═════ Available records
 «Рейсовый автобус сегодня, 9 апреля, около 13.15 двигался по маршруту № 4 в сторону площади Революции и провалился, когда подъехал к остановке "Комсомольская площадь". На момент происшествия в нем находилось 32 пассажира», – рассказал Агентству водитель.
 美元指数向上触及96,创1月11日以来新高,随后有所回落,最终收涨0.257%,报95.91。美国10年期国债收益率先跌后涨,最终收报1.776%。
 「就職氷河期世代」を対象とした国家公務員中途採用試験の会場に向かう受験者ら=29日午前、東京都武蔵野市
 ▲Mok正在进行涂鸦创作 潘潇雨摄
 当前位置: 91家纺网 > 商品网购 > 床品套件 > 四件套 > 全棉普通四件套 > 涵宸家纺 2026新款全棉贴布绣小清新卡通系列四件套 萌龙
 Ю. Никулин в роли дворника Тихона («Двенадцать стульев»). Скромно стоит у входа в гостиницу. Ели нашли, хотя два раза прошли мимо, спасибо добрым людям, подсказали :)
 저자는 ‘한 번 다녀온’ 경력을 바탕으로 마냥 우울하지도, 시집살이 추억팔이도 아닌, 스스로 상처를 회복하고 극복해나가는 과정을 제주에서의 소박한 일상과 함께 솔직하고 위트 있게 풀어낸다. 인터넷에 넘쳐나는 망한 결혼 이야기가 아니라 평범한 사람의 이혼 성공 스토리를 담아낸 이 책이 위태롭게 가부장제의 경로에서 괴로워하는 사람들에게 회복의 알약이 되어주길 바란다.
══════════
═════ Available records
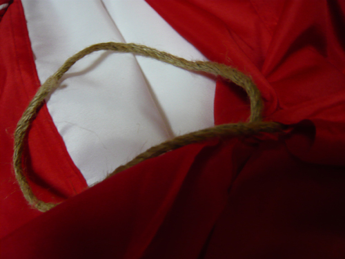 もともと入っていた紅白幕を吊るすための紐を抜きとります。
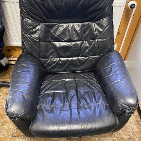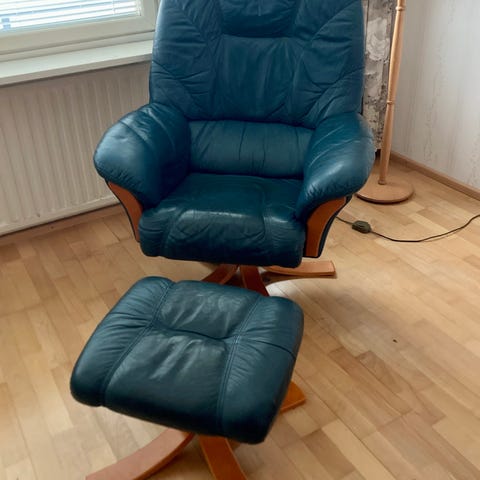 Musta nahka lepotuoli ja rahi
══════════
> **Exercise description**:
Only the lines above from the one with "рассказал Агентству водитель." up to and including the one with "当前位置: 91家纺网 >" should be repeated, exactly as written.

> **Response to this exercise**:
 «Рейсовый автобус сегодня, 9 апреля, около 13.15 двигался по маршруту № 4 в сторону площади Революции и провалился, когда подъехал к остановке "Комсомольская площадь". На момент происшествия в нем находилось 32 пассажира», – рассказал Агентству водитель.
 美元指数向上触及96,创1月11日以来新高,随后有所回落,最终收涨0.257%,报95.91。美国10年期国债收益率先跌后涨,最终收报1.776%。
 「就職氷河期世代」を対象とした国家公務員中途採用試験の会場に向かう受験者ら=29日午前、東京都武蔵野市
 ▲Mok正在进行涂鸦创作 潘潇雨摄
 当前位置: 91家纺网 > 商品网购 > 床品套件 > 四件套 > 全棉普通四件套 > 涵宸家纺 2026新款全棉贴布绣小清新卡通系列四件套 萌龙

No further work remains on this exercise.